Hati tersebut adalah hati yang mencari - hati yang tidak menyisihkan waktu dan ruang sebagai bersifat pribadi, hati yang tidak cemburu akan waktu tenangnya yang sah dan tidak pernah menuntut agar ia dibiarkan sendirian. Seorang gembala seturut hati Allah tidak melindungi daerah nyamannya; ia tidak khawatir untuk melindungi nama baiknya, melainkan, tanpa takut kritik, ia bersedia mengambil resiko dalam berusaha meneladan Tuhannya.

Seorang gembala seturut hati Allah memiliki hati cukup bebas untuk mengesampingkan kekhawatirannya sendiri. Ia tidak hidup dengan memperhitungkan perolehannya atau berapa lama ia telah bekerja : ia bukanlah seorang akuntan Roh, tetapi orang Samaria yang baik yang mencari mereka yang membutuhkan. Bagi kawanan domba ia adalah seorang gembala, bukan seorang penyelia, dan ia mengabdikan dirinya untuk perutusan bukan lima puluh atau enam puluh persen, tetapi dengan seluruh yang ia miliki. Dalam pencarian, ia menemukan, dan ia menemukan karena ia mengambil resiko. Ia tidak berhenti ketika kecewa dan ia tidak menyerah kepada kelelahan. Memang, ia bersikeras dalam berbuat baik, diurapi dengan sikap keras kepala ilahi yang tidak kehilangan pandangan terhadap seorang pun. Ia tidak hanya menjaga pintunya terbuka, tetapi ia juga pergi untuk mencari orang-orang yang tidak lagi ingin memasukinya. Seperti setiap orang Kristen yang baik, dan sebagai teladan bagi setiap orang Kristen, ia terus-menerus pergi keluar dari dirinya sendiri. Episentrum hatinya berada di luar dirinya. Ia tidak ditarik oleh "aku"-nya sendiri, tetapi oleh "Engkau" Allah dan oleh "kita" para pria dan wanita lainnya.

Menyertakan. Kristus mengasihi dan mengenal domba-domba-Nya. Ia memberikan hidup-Nya bagi mereka, dan tidak ada orang asing bagi-Nya (Yoh 10:11-14). Kawanan domba-Nya adalah keluarga-Nya dan hidup-Nya. Ia bukan seorang atasan yang ditakuti oleh kawanan domba-Nya, tetapi seorang gembala yang berjalan bersama mereka dan memanggil mereka dengan nama (Yoh 10:3-4). Ia ingin mengumpulkan domba-domba yang belum menjadi kawanan-Nya (Yoh 10:16).

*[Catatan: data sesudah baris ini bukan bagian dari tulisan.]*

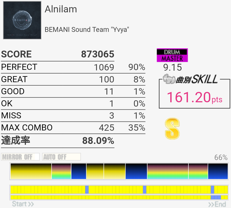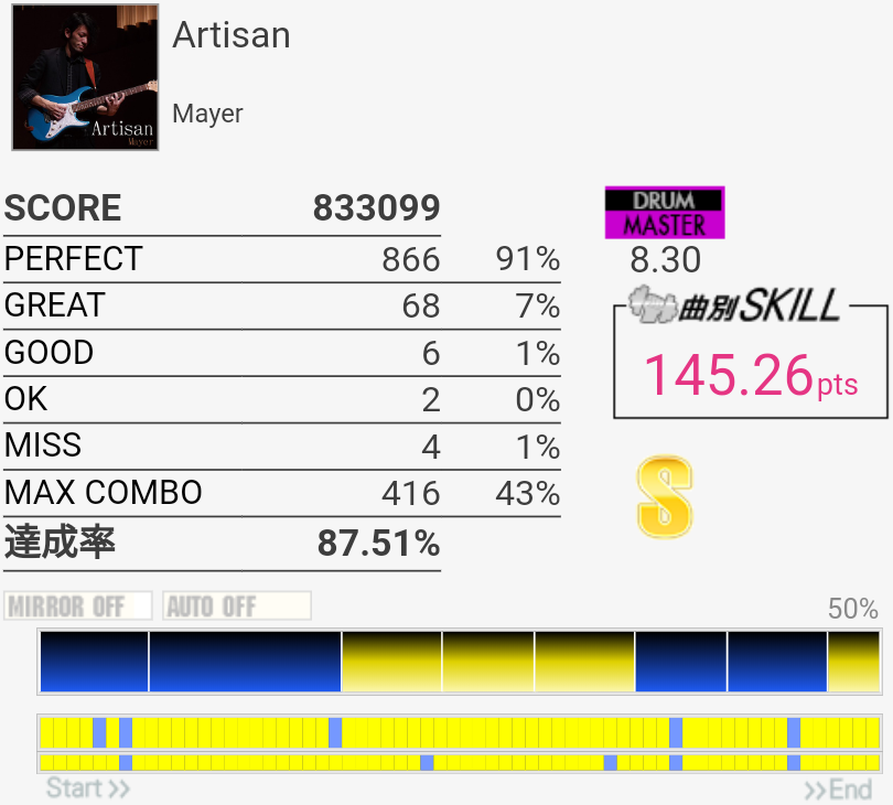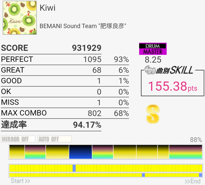 中盤のSN→LT→FT×2を毎回忘れてて叩けない……ラストはリズム覚えてきて今回はSN打ち損じで切っただけだったので大丈夫そう。繋ごう!

Demikian juga dengan imam Kristus. Ia diurapi untuk umatnya, bukan memilih rancangan-rancangannya sendiri tetapi menjadi dekat dengan pria dan wanita yang sesungguhnya yang telah dipercayakan Allah kepadanya. Tidak ada orang yang dikecualikan dari hatinya, doanya atau senyumannya. Dengan tatapan dan hati yang penuh kasih kebapaan, ia menyambut dan menyertakan semua orang, dan jika berkali-kali ia harus memperbaiki, itu adalah untuk menarik orang lebih dekat. Ia tidak berdiri terpisah dari siapapun, tetapi selalu siap untuk mengotori tangannya. Sebagai seorang pelayan persekutuan yang ia rayakan dan hayati, ia tidak menunggu salam dan pujian dari orang lain, tetapi adalah orang pertama yang menjangkau, menolak pergunjingan, penghakiman dan kedengkian. Ia mendengarkan dengan sabar masalah-masalah umat-Nya dan menyertai mereka, menabur pengampunan Allah dengan kasih sayang yang murah hati. Ia tidak memarahi mereka yang berkeliaran atau kehilangan arah mereka, tetapi selalu siap membawa mereka kembali dan mengatasi kesulitan dan perselisihan.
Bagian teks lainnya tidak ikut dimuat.